What this task involves: Could you return the data that follows exactly, minus the images?

Data block:
▬▬▬

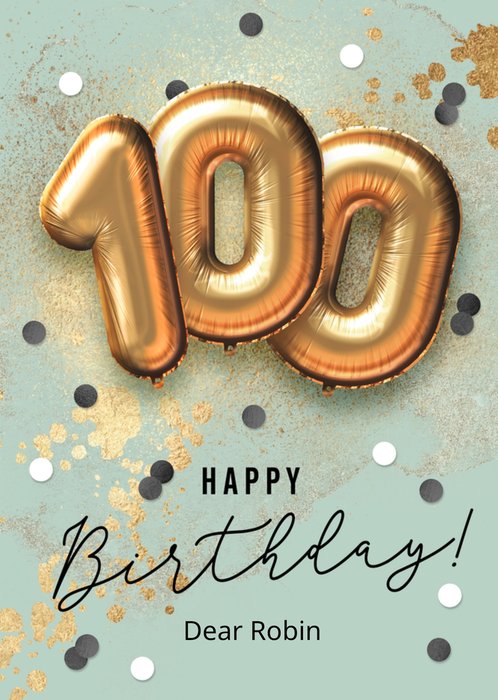 Featuring large gold foil number balloons and an editable message surrounded by confetti dots and gold foil details on a mint green background.
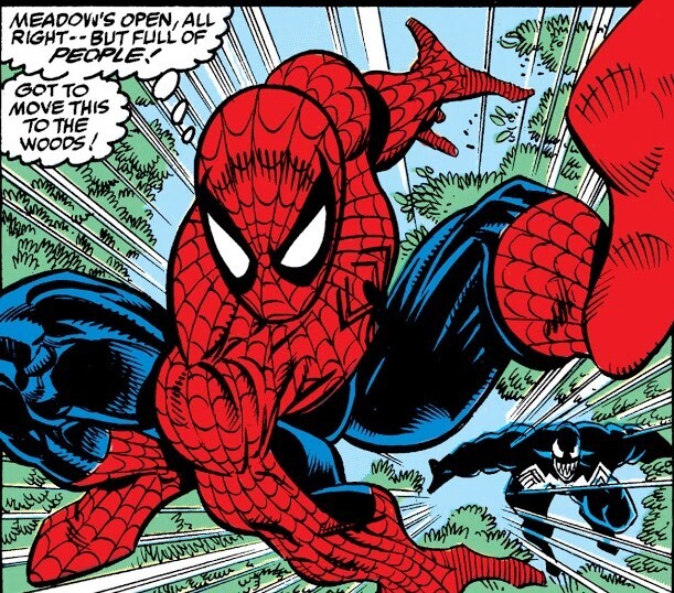 Человек-Паук отправляется в Центральный парк, где Веном назначил ему встречу, и там начинается сражение. Сражение непростое, ведь на Венома не реагирует Паучье чутьё! Веном пытается удушить Человека-Паука своей чёрной жижей – но Стенолаз вырывается и заманивает Венома подальше от посторонних. Заканчивается сражение, когда Веном бросает в Человека-Паука такси. Спайди-то уворачивается, но такси врезается в ехавшую по мостику над прудом карету и из неё выпадает ребёнок. Тут уж даже Веном понимает, что цель не оправдывает средства и потери бывают недопустимые. Веном спасает ребёнка и удирает, пока Спайди доставляет в менее опасное место остальных пассажиров кареты. Но узнав о заварушке в парке, туда отправляются по канализационному тоннелю Стикс и Стоун!
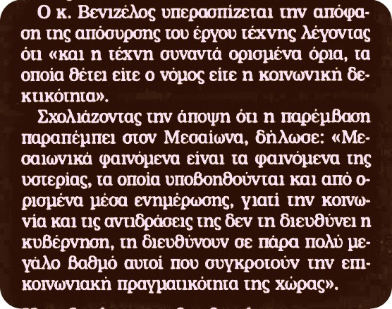 «και η τέχνη συναντά ορισμένα όρια, τα οποία θέτει είτε ο νόμος είτε η κοινωνική δεκτικότητα» (βλ. π.χ. εφημ. «Ελευθεροτυπία», 13.12.2003, σελ. 41).

▬▬▬

Result:
 Featuring large gold foil number balloons and an editable message surrounded by confetti dots and gold foil details on a mint green background.
 Человек-Паук отправляется в Центральный парк, где Веном назначил ему встречу, и там начинается сражение. Сражение непростое, ведь на Венома не реагирует Паучье чутьё! Веном пытается удушить Человека-Паука своей чёрной жижей – но Стенолаз вырывается и заманивает Венома подальше от посторонних. Заканчивается сражение, когда Веном бросает в Человека-Паука такси. Спайди-то уворачивается, но такси врезается в ехавшую по мостику над прудом карету и из неё выпадает ребёнок. Тут уж даже Веном понимает, что цель не оправдывает средства и потери бывают недопустимые. Веном спасает ребёнка и удирает, пока Спайди доставляет в менее опасное место остальных пассажиров кареты. Но узнав о заварушке в парке, туда отправляются по канализационному тоннелю Стикс и Стоун!
 «και η τέχνη συναντά ορισμένα όρια, τα οποία θέτει είτε ο νόμος είτε η κοινωνική δεκτικότητα» (βλ. π.χ. εφημ. «Ελευθεροτυπία», 13.12.2003, σελ. 41).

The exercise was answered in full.